DEICIDE/「TO HELL WITH GOD」 アルバムレビュー
ヘビーメタル、ハードロックアルバムレビュー
ヘビーメタル、ハードロックアルバムレビュー
-2011-
「TO HELL WITH GOD」DEICIDEジャケ写
「TO HELL WITH GOD」
DEICIDE

11.4.20release

 フロリダ産デス・メタルの重鎮、ラルフ・サントーラをフィーチャーした10thアルバム!!

 1990年に『DEICIDE』でデビューしたデス・メタルの重鎮、DEICIDEの通算10作目となるニューアルバム。当初は2009年にリリースされる予定だったが、2年遅れでこの度無事に発表されることになったという。グレン・ベントンの地を這うようなグロウル・ヴォーカルは聴き手を怒号するかのような勢い。その凄まじい迫力はデビュー当時から変わらないものの、20年間にわたりデスメタル・シーンを支えリードしてきた存在であるからこそ、ここにきて更なる迫がついてる。世間では“デス・メタル界のレミー・キルミスター”とされている、かは分からないが個人的にはそう称したい。
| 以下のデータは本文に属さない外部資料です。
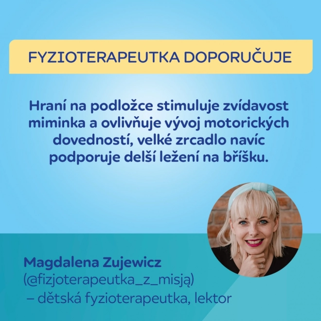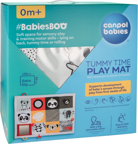 Le tapis éducatif sensoriel Canpol babies pour le temps sur le ventre de la collection BabiesBoo est une manière sûre et agréable de garder bébé en mouvement, tout en permettant au parent d’avoir un moment pour soi ou de faire des tâches domestiques. Le tapis est exceptionnellement grand et doux – 130 x 95 cm offrent à votre tout-petit confort et sécurité. Le tapis éducatif Canpol babies se plie facilement, dispose d’une poignée pratique pour un transport aisé, afin de créer un espace pour bébé où que vous en ayez besoin. Le grand miroir encourage et prolonge le temps passé sur le ventre, durant lequel bébé peut explorer différentes parties du tapis. De nombreux éléments sensoriels sollicitent les sens de l’enfant : la vue, l’ouïe et le toucher. Les différentes textures des matériaux, les couleurs et motifs contrastés ainsi que de doux sons offrent un excellent divertissement pour les sens en développement de votre bébé dès les premiers instants de sa vie. Le tapis d’éveil sensoriel Canpol babies contribue à assurer le bon développement moteur de chaque enfant. Le tapis est lavable en machine.Un espace pour bébé partout où nous en avons besoin.Recommandé par la kinésithérapeute Magdalena Zujewicz – kinésithérapeute pédiatrique, éducatrice et thérapeute en intégration sensorielle.Tapis exceptionnellement grand et moelleux offrant confort et sécurité à votre bébé.Le grand miroir suscite l’intérêt de bébé et prolonge le temps passé sur le ventre.De nombreux éléments sollicitant les sens de l’enfant : la vue, l’ouïe et le toucher.Se plie facilement grâce à une poignée confortable qui facilite le transport.Les couleurs et motifs contrastés favorisent le développement de la vision de l’enfant.Favorise le développement du toucher et exerce les compétences manuelles.Développe la coordination œil-main et la coordination audio-motrice.Facile à entretenir – lavable en machine.Idéal pour les enfants dès les premiers instants de la vie.Le jouet est fabriqué dans un matériau sûr, sans bisphénol A.Dimensions du tapis : 130 x 95 cmInstructions d’utilisation :Le mode de nettoyage est indiqué sur l’étiquette. Lavez le tapis, à l’exception du miroir, en machine à une température maximale de 30 °C, cycle délicat. Gardez le tapis de jeu propre. Lavez le tapis de jeu, à l’exception du miroir, en machine à max. 30 °C en utilisant un programme délicat. Utilisez une lessive douce adaptée aux enfants. Lavez séparément. Essuyez le miroir avec un chiffon humide. Retirez le film de protection du miroir.Avertissement ! Important pour la santé et la sécurité de votre enfant ! Vérifiez soigneusement avant chaque utilisation. Remplacez le jouet usé/endommagé par un neuf.Avertissement ! Tenir à l’écart des sources de feu. Conservez la notice pour une utilisation ultérieure.Le tapis est conforme aux exigences suivantes :Directive 2009/48/CE du Parlement européen et du Conseil relative à la sécurité des jouetsEN 71 - 1 Sécurité des jouets - Partie 1 : Propriétés mécaniques et physiquesEN 71 - 2 Sécurité des jouets - Partie 2 : InflammabilitéEN 71 - 3 Sécurité des jouets - Partie 3 : Migration de certains éléments

 スラッシュ・メタルを1.5〜2.0倍スピードアップした強靭な楽曲群は衰えることを知らず、むしろトゲトゲしさを増強している。そこへ新たな聴き所を用意するギターソロだが、これはラルフ・サントーラによるもの。ラルフと言えば哀愁メロディアスハードの名手としても知られ、EYEWITNESSやMilleniumという素晴らしい名バンドを率いる人物でもあり、またソロ名義ではマイケル・シェンカーばりの泣きから、クラシカル、フュージョン系まで幅広い楽曲を収録したインスト・アルバムを作るほどのギタリストなのだ。
 そんな劇的なギターをフィーチャーしつつも、決してメロディック・デス・メタル的ではなく、むしろ全体像はメロウさをかき消すほどアグレッシブだ。そういった意味でも初期からのファンを裏切ることのない仕上がりだろう。10曲が文字どおり怒涛の如く過ぎ去っていくアルバムだ。